• What is expected
Pictures in the data should be dropped; transcribe exactly the lines from the one that has "Great corner lot" through the one that has "From the Heavenly".

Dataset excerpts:
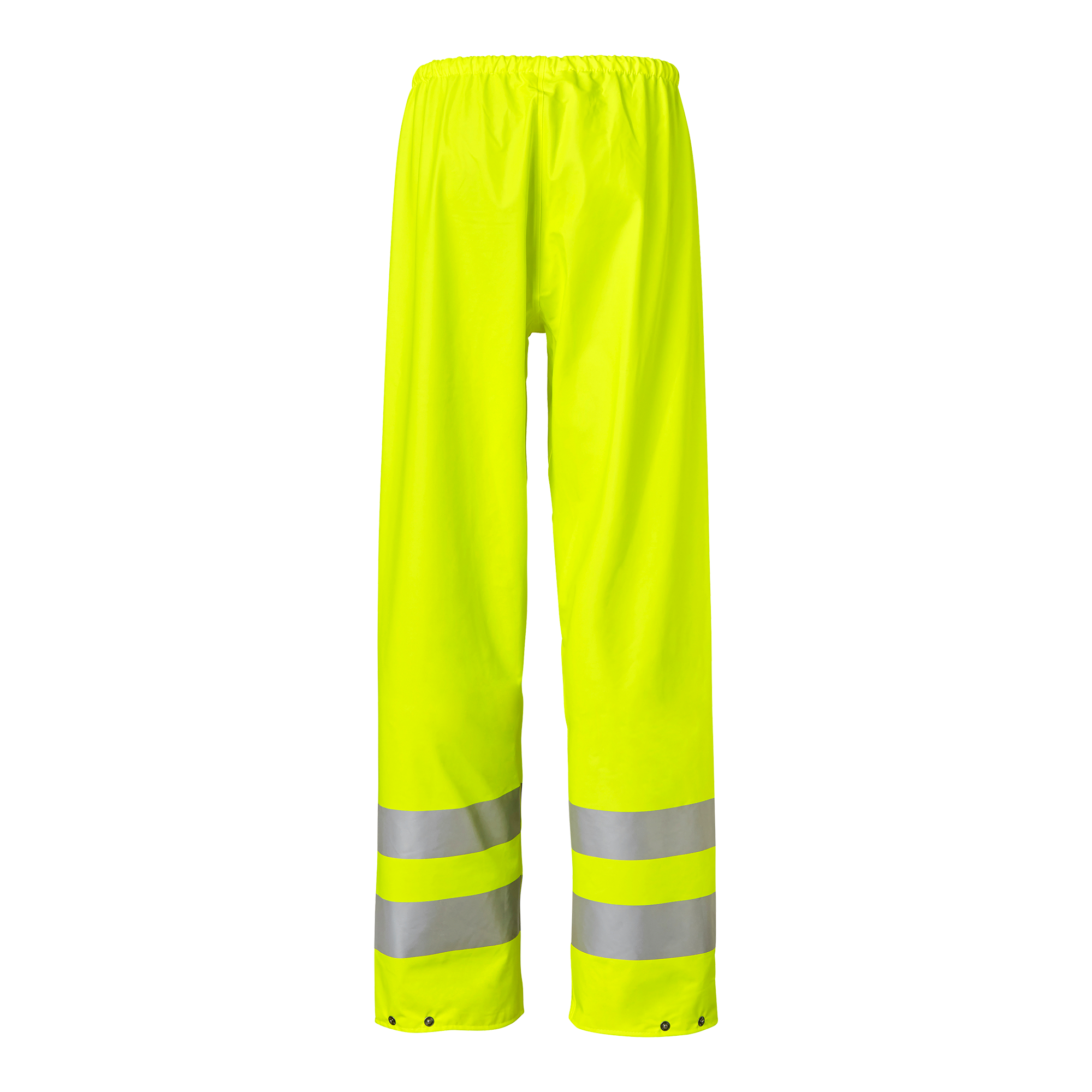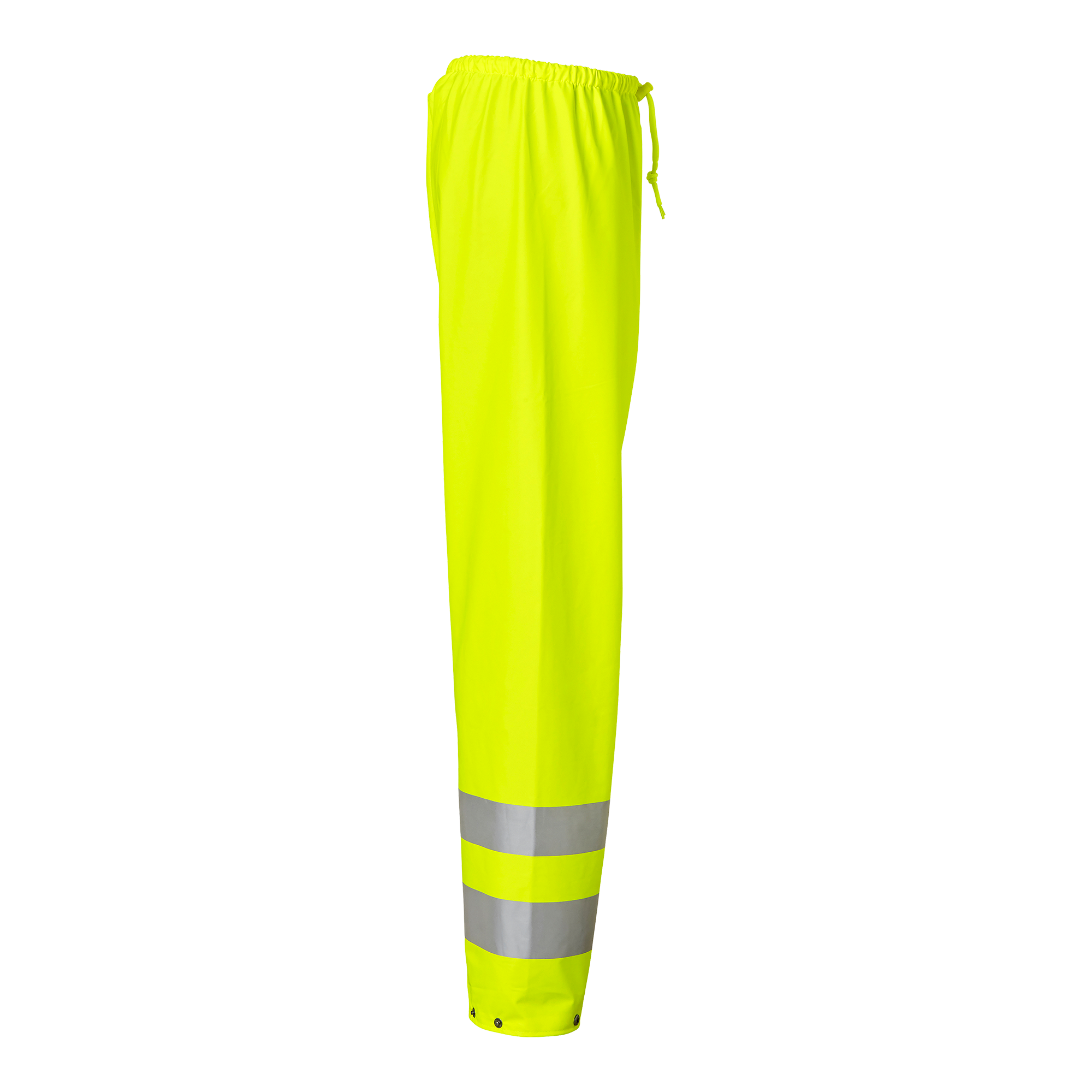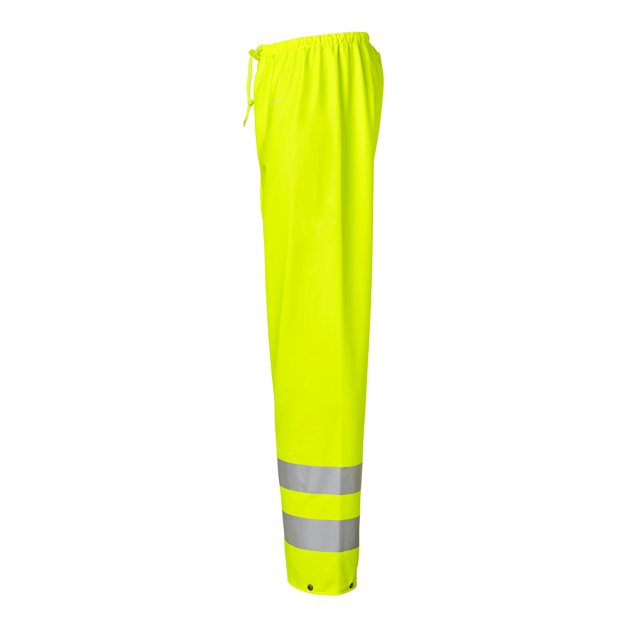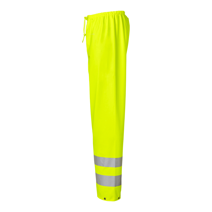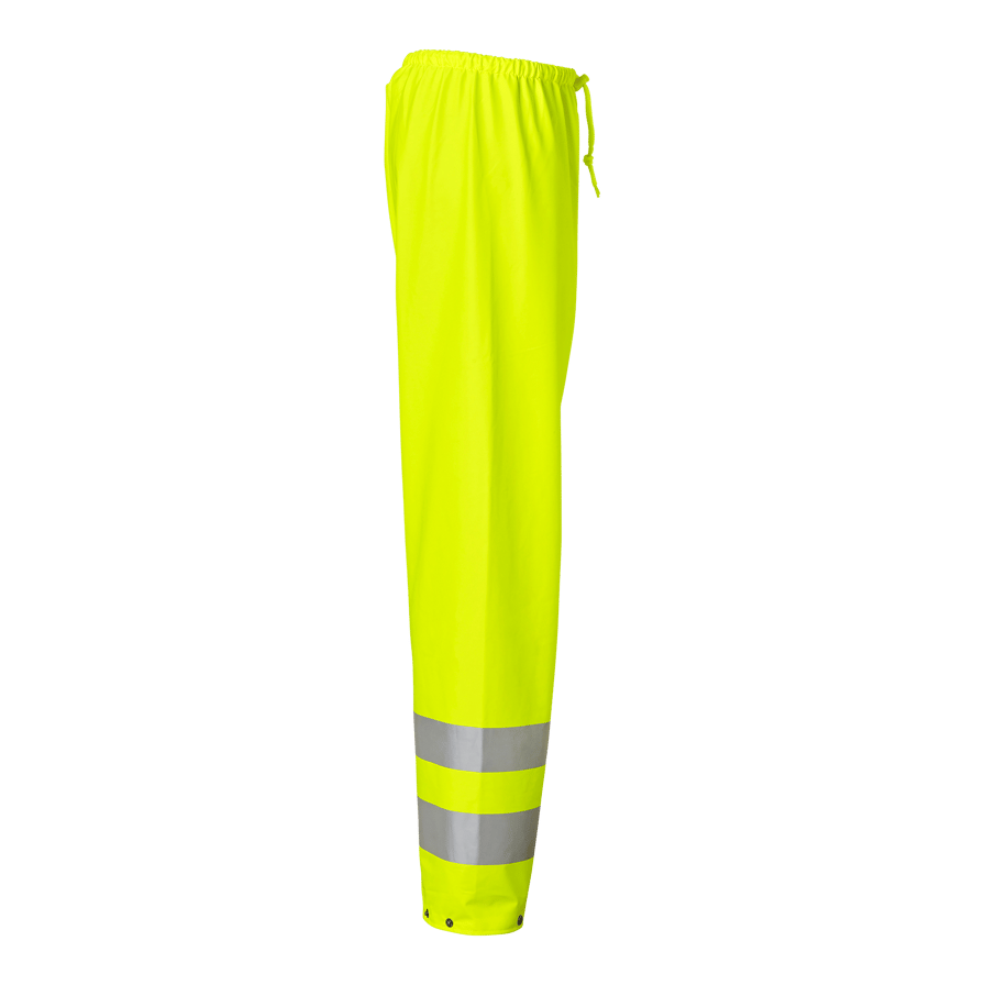 Huomiosadehousut, joissa on joustava ja säädettävä kiristysnauha vyötäröllä sekä säädettävät lahkeensuut. Hitsatut saumat takaavat optimaalisen vedenpitävyyden ja erinomaisen näkyvyyden. Ihanteelliset työskentelyyn sateisissa olosuhteissa.
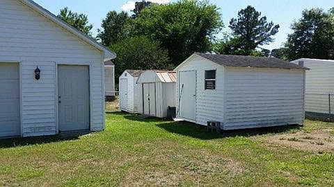 Great corner lot house for rent with ample storage buildings. House is ADA/wheelchair accessible with a fenced in backyard that contains a large garage and three additional outbuildings. Incredible storage potential! The house has hardwood floors, fresh paint, updated appliances, washer/dryer, dishwasher, and lots of windows for natural light! The property has great mature trees on the corner for shade. All the rooms have been recently renovated. The bedrooms are spacious and could be easily converted into office areas if desired. Right in the middle of a quiet and safe neighborhood just outside of Kinston, this is a great bargain on a well-maintained family or commuter home.
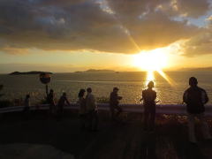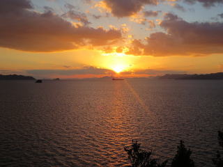 1日目は、笠岡港に集合し普通便の連絡船に揺られて35分で白石島へ到着。天気予報では夕陽が見られないと思っていましたが、午後より天気が回復しました。 この時期はユースホステルの前の海に夕陽が沈まないため、島の南の海が見える峠まで歩いて登りました。この小高い岬からの夕日は島々や船をシルエットに染めて最高の夕陽でした。 (写真は島の南西小高い峠よりの夕陽)
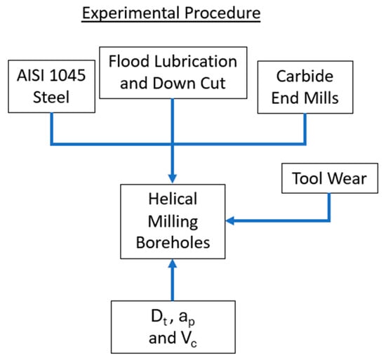 For determining F, corresponding to Vf, Equation (2) was used to calculate Vfp, which represents the tool feed speed at its periphery. The variables fz and z are used in this equation, where the fz used was 0.1 mm/tooth, representing the feed per tooth, and z was the number of tool teeth. To determine F or Vf, Equation (3) was used, where Dh is the helix diameter [mm], which is the diameter of the tool’s circular trajectory. Table 2 shows the parameters used in each test. Figure 1 presents a summary of the experimental procedure.
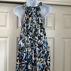 From the Heavenly Creatures Collection. Elliatt's Iridescence maxi dress is crafted of printed georgette. Featuring frill trim, this sleeveless style features a drawstring waist and keyhole back.
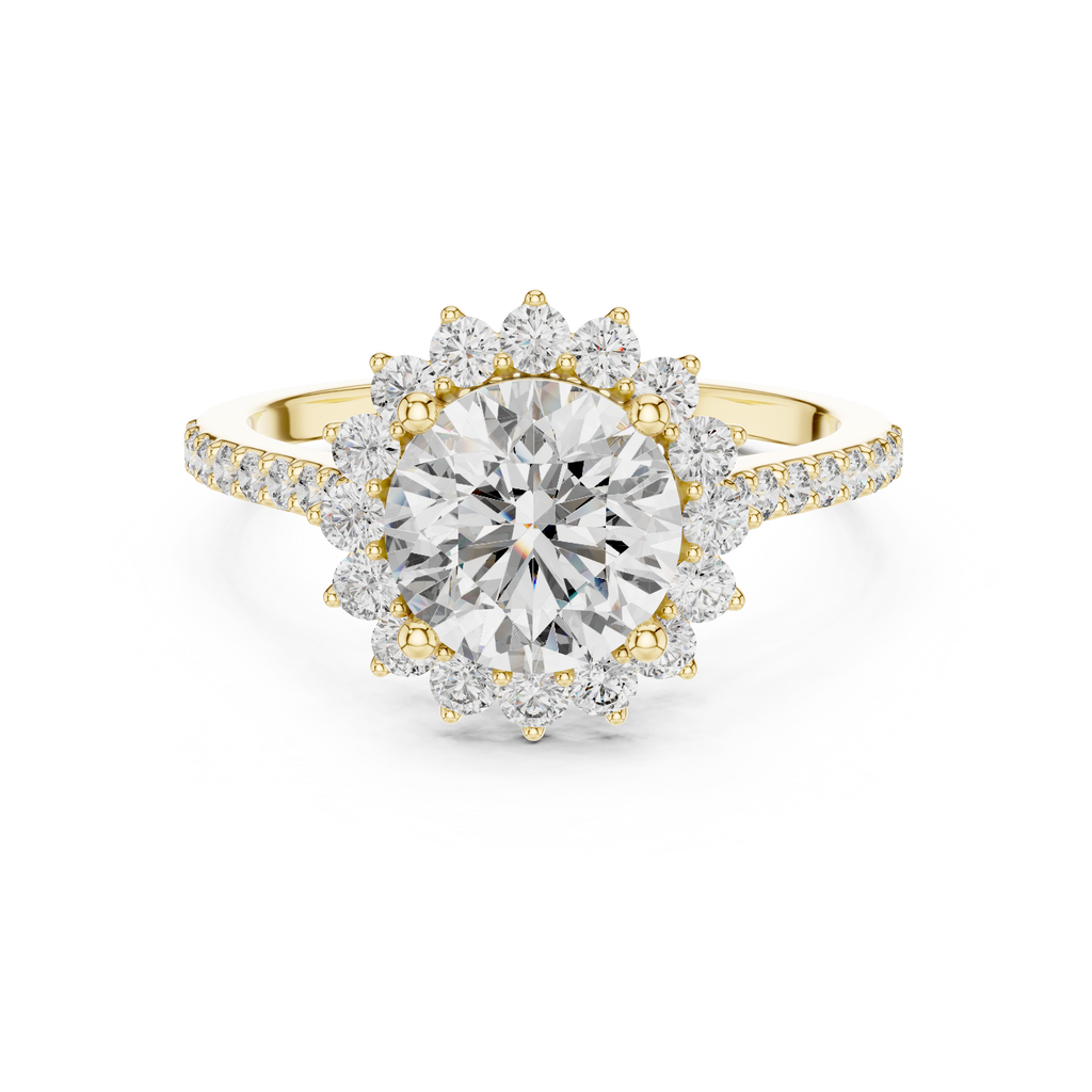 Indulge in the brilliance of this radiant engagement ring. At its heart lies a magnificent round brilliant cut stone, encircled by a captivating halo of smaller round gems. The halo features a unique, scalloped edge that creates a starburst effect, amplifying the center stones fire and adding a regal touch. The sparkle extends gracefully down the shank, which is lined with a row of shimmering pave-set accents. This design perfectly balances classic elegance with a touch of celestial drama, making it an ideal symbol of everlasting love. Key Features: Center Stone: Round Brilliant Cut Setting Style: Scalloped Starburst Halo Band Design: Pave Set Shank Category: Engagement Ring

• Answer box
 Great corner lot house for rent with ample storage buildings. House is ADA/wheelchair accessible with a fenced in backyard that contains a large garage and three additional outbuildings. Incredible storage potential! The house has hardwood floors, fresh paint, updated appliances, washer/dryer, dishwasher, and lots of windows for natural light! The property has great mature trees on the corner for shade. All the rooms have been recently renovated. The bedrooms are spacious and could be easily converted into office areas if desired. Right in the middle of a quiet and safe neighborhood just outside of Kinston, this is a great bargain on a well-maintained family or commuter home.
 1日目は、笠岡港に集合し普通便の連絡船に揺られて35分で白石島へ到着。天気予報では夕陽が見られないと思っていましたが、午後より天気が回復しました。 この時期はユースホステルの前の海に夕陽が沈まないため、島の南の海が見える峠まで歩いて登りました。この小高い岬からの夕日は島々や船をシルエットに染めて最高の夕陽でした。 (写真は島の南西小高い峠よりの夕陽)
 For determining F, corresponding to Vf, Equation (2) was used to calculate Vfp, which represents the tool feed speed at its periphery. The variables fz and z are used in this equation, where the fz used was 0.1 mm/tooth, representing the feed per tooth, and z was the number of tool teeth. To determine F or Vf, Equation (3) was used, where Dh is the helix diameter [mm], which is the diameter of the tool’s circular trajectory. Table 2 shows the parameters used in each test. Figure 1 presents a summary of the experimental procedure.
 From the Heavenly Creatures Collection. Elliatt's Iridescence maxi dress is crafted of printed georgette. Featuring frill trim, this sleeveless style features a drawstring waist and keyhole back.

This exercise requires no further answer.